Anthropocene exhibit shows how humans have permanently changed Earth

Nov 23, 2018 | News

These large tatrapods will be used to create seawalls and protect shorelines. Formed on-site from moulds like those at the bottom of the image, each one can weigh up to 80 tons. (M Aranha)

M Aranha

A new exhibit at the AGO, Anthropocene, confronts viewers with the magnitude of human impact on the environment.

Edward Burtynsky, Jennifer Baichwal, and Nicholas de Pencier have collaborated on a collection of large format photographs, short films, murals and augmented reality installations, that reveal how we have profoundly and permanently altered the planet.

The artists travelled all over the world, including to Kenya and Chile’s Atacama desert to document landfills, mines, forests and oceans. The result is having enormous impact on gallery visitors like Richard Partington.

“It’s staggering. I was just reading Burtynsky talking about our extractive world. Things are being taken and things are being dumped so it’s an incredible kind of spectrum of both dumping and taking,” he said.

AGO member, Hannah Chan, loved the exhibit and found it very effective.

“I find this is beautiful and also devastating at the same time,” she said.

For the last 12,000-odd years, Earth has been in the geological epoch known as the Holocene, a period of stable climate since the end of the last ice age.

Two decades ago, scientists proposed we have entered a new epoch called the Anthropocene, one in which humans are changing the Earth’s systems more than all natural forces combined.

The artists wanted to avoid preaching and blaming humans for the negative consequences of our presence on earth, instead intending simply to bear witness, and in doing so, hopefully shift consciousness.

A statement by Burtynsky described their mindset and approach while working on this body of work over the last five years:

“We have always taken from nature. This is normal, part of the human condition and, indeed, a fact of life for all life forms. What is different today is the speed and scale of human taking, and that the earth has never experienced this kind of cumulative impact.”

The exhibit is not limited to portrayals of human waste and exploitation of natural resources. It also includes images of our attempts to transition to more sustainable ways of living or find solutions climate change.
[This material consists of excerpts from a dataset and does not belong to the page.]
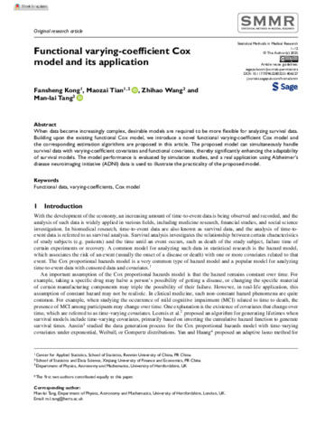 | Keywords | functional data, varying-coefficients, cox model, mathematics(all) |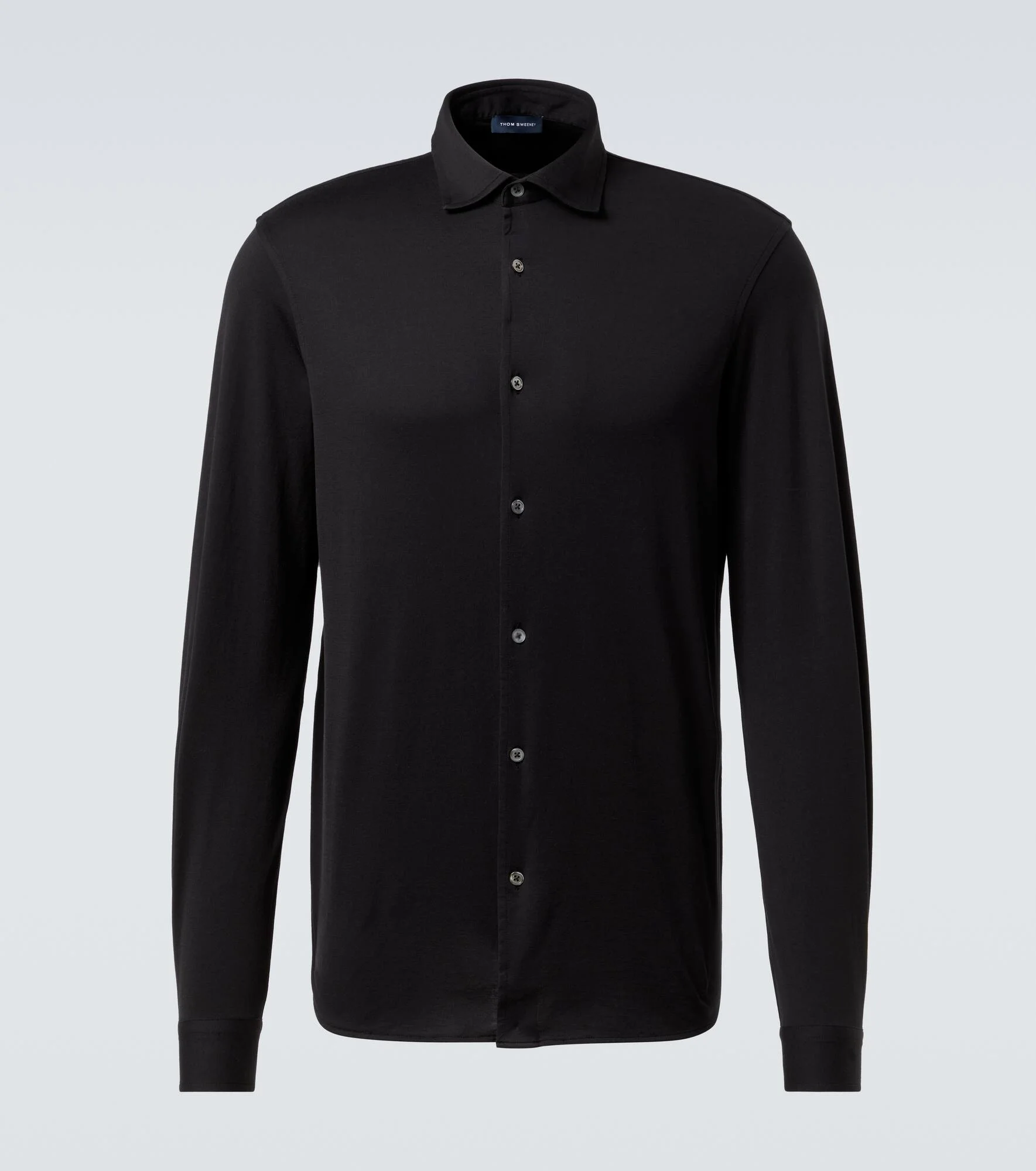 Founded by Savile Row-trained tailors, Thom Sweeney demonstrates exceptional craftsmanship and an uncomplicated British flair. A refined addition to your smart casual collection, this shirt is made from soft cotton jersey. The style is completed with buttoned cuffs and a soft collar that's designed to hold shape. Product Details - Material: 100% cotton - Care instructions: hand wash - Made in Italy - Designer color name: Black - Item color: black - Closure: buttoned front - Item number: P01034657 Size & Fit - True to size - Without pleats in the back - Slim fit - Non-stretchy fabric - Falls to the hip - The model in the picture is 185cm-6'1" and wearing a size L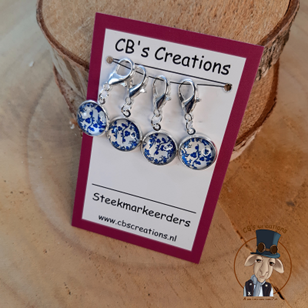 Dit is een setje van 4 mooie Delfts blauwachtige steekmarkeerders met een zilverkleurige (zinklegering) als achterkant en een glazen (cabuchon) voorkant.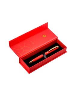 El bolígrafo Passion D'or es una pieza única que combina el color rojo pasión con una textura de aluminio cepillado y detalles metálicos en dorado. Viene presentado en una elegante caja de diseño con cierre magnético, también decorada en su interior. Podrás escribir con estilo y elegancia, ya que las piezas Passion D'Or brindan una experiencia de escritura excepcional, añadiendo un toque de glamour a cada palabra. El rojo pasión combinado con dorado realza su estética elegante y exclusiva. Cada pieza evoca una sensación de seducción y sensualidad, creando un vínculo emocional muy especial con la persona que la utiliza. Tinta color azul. Grosor tamaño 0,8 mm.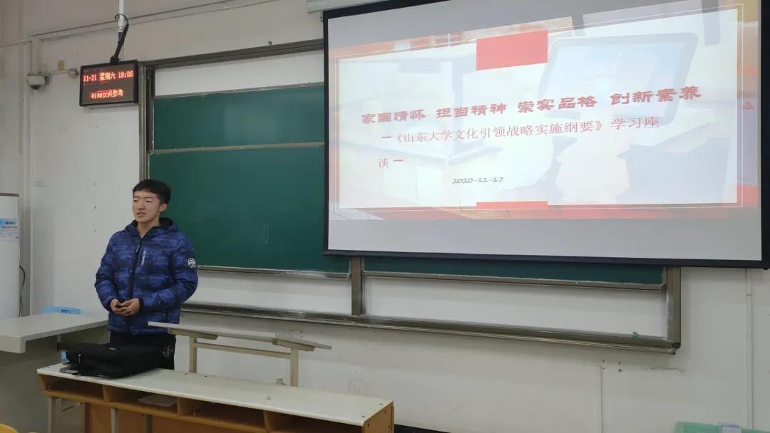 本次团日活动分为土木一班第一学年年度总结,《beat365正版唯一官方网站文化引领战略实施纲要》学习座谈及党的十九届五中全会精神的学习三个部分。首先,马天昊从集体之风,学习之风,文体之风三个风气对去年土木一班的整体情况作了回顾。在集体方面,土木一班开展了多种多样的活动荣获手拉”手志愿服务第一名”,“向祖国告白情景剧第一名”,“新生杯辩论赛第一名”,“院运动会第二名”,“院篮球赛四强”。学习方面,土一总人数24名,在年级前十五名我班8人,占班级总人数35%。文体方面,开展了“班级logo,服装设计大赛”,“走向自然爬山活动”,“夜跑兴隆山体育活动”等多种活动。活动进入第二部分,马天昊继续带领大家学习了《beat365正版唯一官方网站文化引领战略实施纲要》。他将党代会的主题以及党代会以来的成就等并与山大现状相结合,指出应高举习近平新时代中国特色社会主义思想伟大旗帜,全面贯彻党的十九大精神,创新发展理念,激发办学活力,推动内涵发展,追求卓越,只争朝夕,奋力开创中国特色世界一流大学建设新局面,为实现中华民族伟大复兴的中国梦作出山大贡献。第三部分,刘鹏用各种大型会议科普和公报内容学习两个主题带领同学们学习了党的十九届五中全会精神。他讲解了全国人民代表大会、全国人大常务委员会和全国人民政治协商会议三种会议。然后他开始了详细讲解了党的十九届五中全会精神,全会听取和讨论了习近平总书记受中央政治局委托做的工作报告,审议通过了《中共中央关于制定国民经济和社会发展第十四个五年规划和二零三五年远景目标的建议》,习近平总书记就《建议(讨论稿)》向全会做了说明。
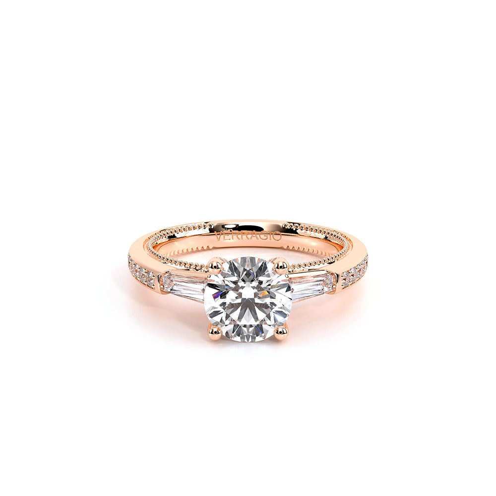 VENETIAN-5085R is a three-stone diamond engagement ring adorned with meticulously set diamond prongs featuring two baguette diamonds seamlessly integrated on a straight diamond band. The inner profile showcases handcrafted lacework amid our Verragio signature beading and crest.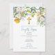 Ein wunderschönes Taufdesign mit Blume in Gelb-Weiß-Aquarellfarben, Goldkreuz und einem griechisch-orthodoxen Symbol der Jungfrau Mary auf der Rückseite der Karte. Ein religiöses Design, ideal für die Taufe eines kleinen Jungen. In der Kollektion dieses Designs kann man die passende Schreibwaren und Dekoration bewundern.

One photograph, for example, shows large tetrapods that are used to create seawalls and prevent coastal erosion along China’s shoreline. Made of concrete, tetrapods are technofossils- human-produced objects that cannot naturally decompose, a geological marker of the Anthropocene.

“I guess there’s an ambivalence about it. For example, if you look at the solar panels, it’s great that we’re looking for alternative sources of energy but we have to consider how those things are impacting the environment,” said Chan. “They have to be created so where are those materials coming from?”

Anthropocene runs to January 6 at the Art Gallery of Ontario.